Allez, pour s’aérer un peu les neurones, un quizz…politique ! en toute impartialité bien sûr…
Il s’agit de deviner un évènement local à partir de cette magnifique statuette offerte à une personnalité seynoise pour sa nomination à une distinction honorifique nationale :
cette statue représentant un ex éxilé politique fut offerte à un autre ex éxilé politique à l’occasion de la remise d’une décoration créée en 1802 par Napoléon Bonaparte alors premier consul symbolisant la reconnaissance par l’état du mérite individuel acquis et non transmis. cette cérémonie concerne un édile seynois…

1-Quel homme illustre la statue représente-t-elle ?


Indices :
Ce personnage historique, comme cela a été dit dans l’intitulé a connu l’exil politique.
Ce n’est pas Michel Pacha mais les deux familles étaient liées…
Le fils de ce personnage vint souvent franchir le portail aux deux lions blancs à Tamaris…
Son nom a donné naissance à des adjectifs, l’un plutôt flatteur (stylé,emphatique), l’autre plus péjoratif (lourd, excessif,ampoulé) et à un substantif caractérisant un style littéraire pompeux.

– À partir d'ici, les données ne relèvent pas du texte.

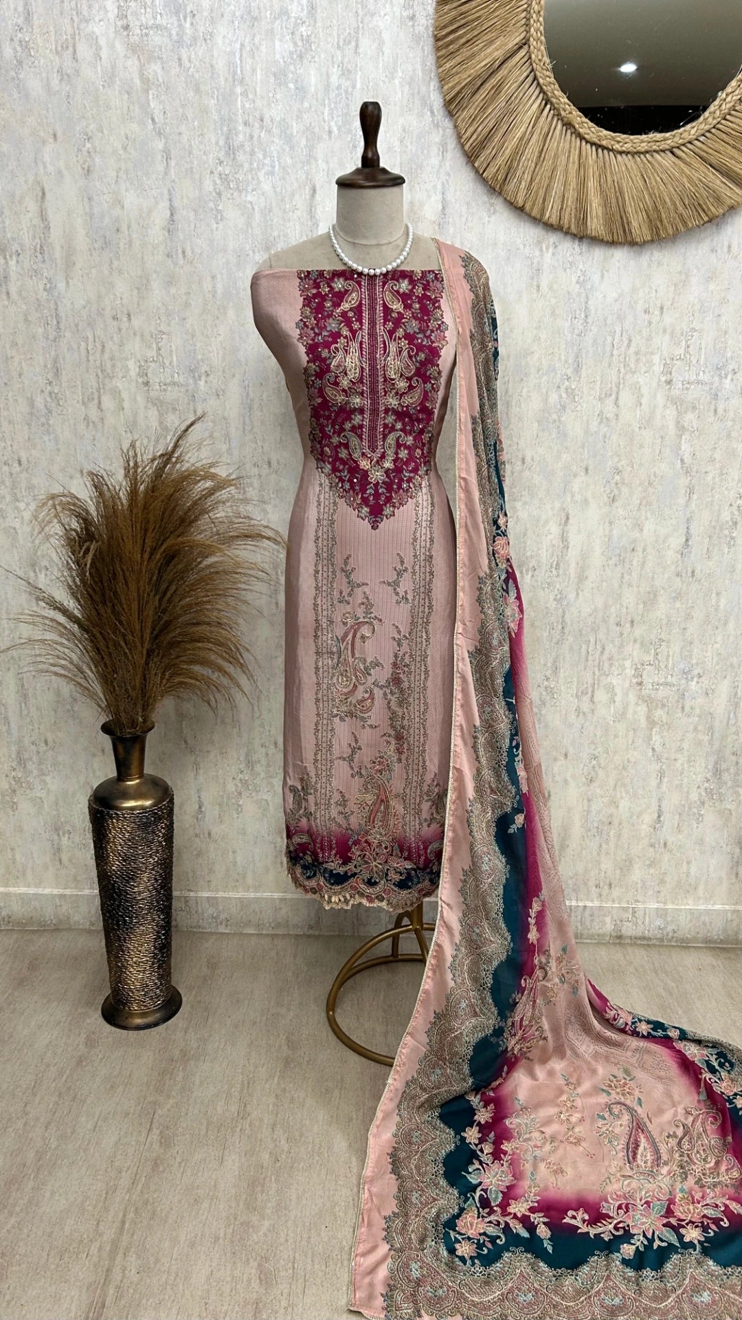 Elevate your wardrobe with this Crepe Unstitched Suit Set featuring intricate zari work. Crafted from premium crepe fabric, it offers a smooth texture and excellent drape, ideal for custom tailoring. The delicate zari embellishments add a subtle sheen, perfect for both formal occasions and festive wear. This unstitched set provides the flexibility to create a personalized fit and style, combining traditional craftsmanship with modern elegance.

Curieusement ces termes qui définissaient l’homme déjà de son vivant sont actuellement encore usités.

Cette magnifique statuette fut offerte à une personnalité seynoise, un cadeau hautement symbolique… 

2-Quelle est l’année de cet évènement ?

Cette année là…

Onze ans que La Seyne ne fait plus partie du Canton d’Ollioules mais a accédé elle aussi à ce statut associée à Six-Fours.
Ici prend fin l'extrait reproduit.